ほとんど漁夫の利
気合を入れなおし、滋は渡された鉄の籠を持ち上げて、いつでも開始できると鈴木に向って頷いてみせる。それを合図に、鈴木は背を丸くして小さく屈み込むと、努めて足音を消しながら駆け出す。能力者ではないとはいえ、さすがに訓練を受けている隊員だけあって動きも機敏でスイスイと木々の間を縫って進む。時々ピサルモに気付かれないよう木陰で立ち止まって頃合を図ってまた進む。同じような動きをやれと言われても、まず無理だろうと滋は思う。それでも何一つとして努力せずに終わるような彼でもない。重い鉄の籠を両手に少しずつ進む。鈴木隊員との距離はみるみる広がっていく。ピサルモは、呑気に野草を食べている。
『狙うなら今!』
と、滋が心の中で叫んだ時には、鈴木も木陰から飛び出してピサルモ目掛けて一直線に駆けている。能力者でもないが十分速い。同じく三十歳を超えた一般の男性で彼ほど速く走れる男もそうはいまい。それでもピサルモの反応も早く、逃げ足も速い。鈴木が飛び出したときには、もうその気配を察知して、噛んでいた草も捨てて、死に物狂いで右に左に蛇行しながら逃げていく。しばらく追って、追いつかず、鈴木のスタミナも落ちてくると、
「佐久間君! やはり二人掛かりでないと駄目だ! とにかく君も走れ! 走りながら結界の準備を頼む!」
「あ、はい!」
滋も元気よく返事をしたものの、鉄の籠を運びながらでは、まず遅い。
「佐久間君! 何をしている! そっちに逃げていくぞ!」
「わ… わかりました!」
滋はひとまず籠を足下において、結界を発生させる。飴細工のように加工し球状にして被ってみる。この結界がどこまで物質を跳ね除けてしまうのかは不明だが、顔の周りに発生させても呼吸が苦にならない。もう一方の手で別に半球形の結界も作る。こちらは捕獲用である。二つの結界の同時発生は体力、精神力に負担があるものの鉄の籠を持って走ることに比べれば身は軽い。
『いける!』
と、思った時には鈴木もピサルモを追い回して、もうすでに近い。
「佐久間君! 準備はいいか!」
「はい!」
気合は乗っていたが最初の接近では捕獲失敗。それでも結界が毛の粉を寄せ付けないことが判明する。その気合も萎えず、鈴木も再び追いかける。
「もう一度行くぞ!」
「鈴木さん! 指示を!」
結界を維持しながら滋も走る。
「よし! 佐久間君! 君は右側から回りこむんだ! 挟み撃ちにするぞ!」
「はい!」
大きな声を出すと、不思議なもので何やら仕事も楽しくなってくる。楽しくなると、自分も隊員らしくなってきた自覚と自信が芽生えてくる。これがまた高揚となる。気が付けば後のことも一切考えず、全身全霊、本気の本気で結界を放出している。半球体の結界は半径が一気に五メートル近くまで伸びてくれる。滋に向って真っ直ぐ逃げていたピサルモも目を丸くして立ち止まるが間に合わない。

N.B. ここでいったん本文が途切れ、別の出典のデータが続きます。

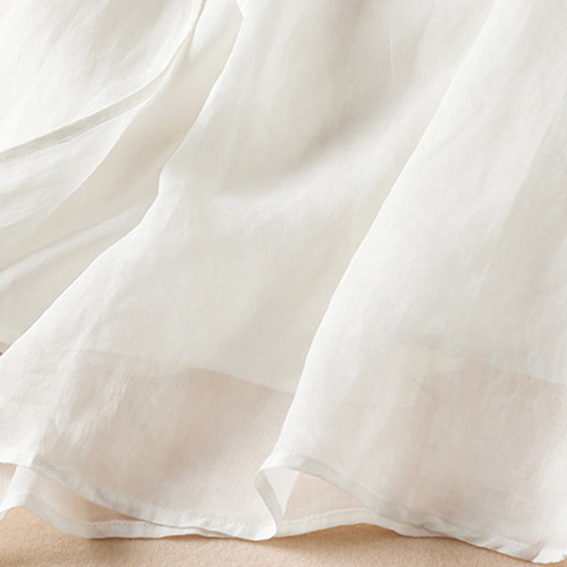 Buddha Stones – Midikleid aus Baumwollfaser mit besticktem Blattmuster, Rundhalsausschnitt und halblangen Ärmeln - Schnee - US8-10, UK/AU12-14,EU40-42 (2XL) - image 7

バチンッと衝突する。同じく滋に向ってピサルモを追いかけていた鈴木隊員もやはりその結界に衝突する。結果、ピサルモと鈴木、共に気絶するのであった。滋は、しばしポカンと口を開けて自分の両手を見つめていたが、すぐに我に返って鈴木に駆け寄った。そして念のためマスクも拝借。被ってピサルモを捕獲し、鉄の籠に入れてしまう。
任務完了。ほとんど漁夫の利でも、彼の手柄である。